# WORK TO BE COMPLETED
Repeat the listing exactly. Do not carry over any pictures.

# THE DATA
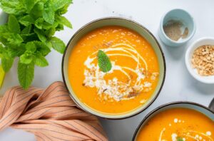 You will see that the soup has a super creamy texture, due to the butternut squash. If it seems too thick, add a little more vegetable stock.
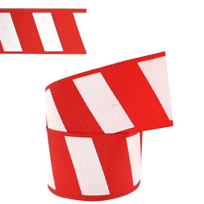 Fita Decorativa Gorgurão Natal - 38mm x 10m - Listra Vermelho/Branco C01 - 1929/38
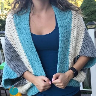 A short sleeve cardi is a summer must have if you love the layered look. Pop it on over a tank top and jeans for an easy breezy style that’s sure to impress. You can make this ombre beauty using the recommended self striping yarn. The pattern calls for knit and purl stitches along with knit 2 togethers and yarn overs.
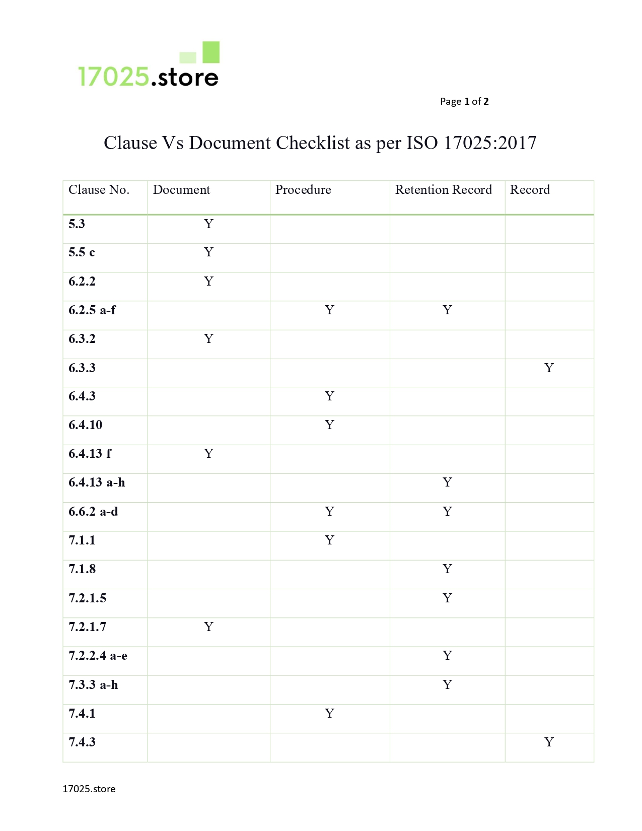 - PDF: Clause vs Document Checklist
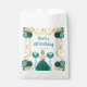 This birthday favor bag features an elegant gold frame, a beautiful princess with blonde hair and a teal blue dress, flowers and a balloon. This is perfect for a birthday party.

# SOLUTION
 You will see that the soup has a super creamy texture, due to the butternut squash. If it seems too thick, add a little more vegetable stock.
 Fita Decorativa Gorgurão Natal - 38mm x 10m - Listra Vermelho/Branco C01 - 1929/38
 A short sleeve cardi is a summer must have if you love the layered look. Pop it on over a tank top and jeans for an easy breezy style that’s sure to impress. You can make this ombre beauty using the recommended self striping yarn. The pattern calls for knit and purl stitches along with knit 2 togethers and yarn overs.
 - PDF: Clause vs Document Checklist
 This birthday favor bag features an elegant gold frame, a beautiful princess with blonde hair and a teal blue dress, flowers and a balloon. This is perfect for a birthday party.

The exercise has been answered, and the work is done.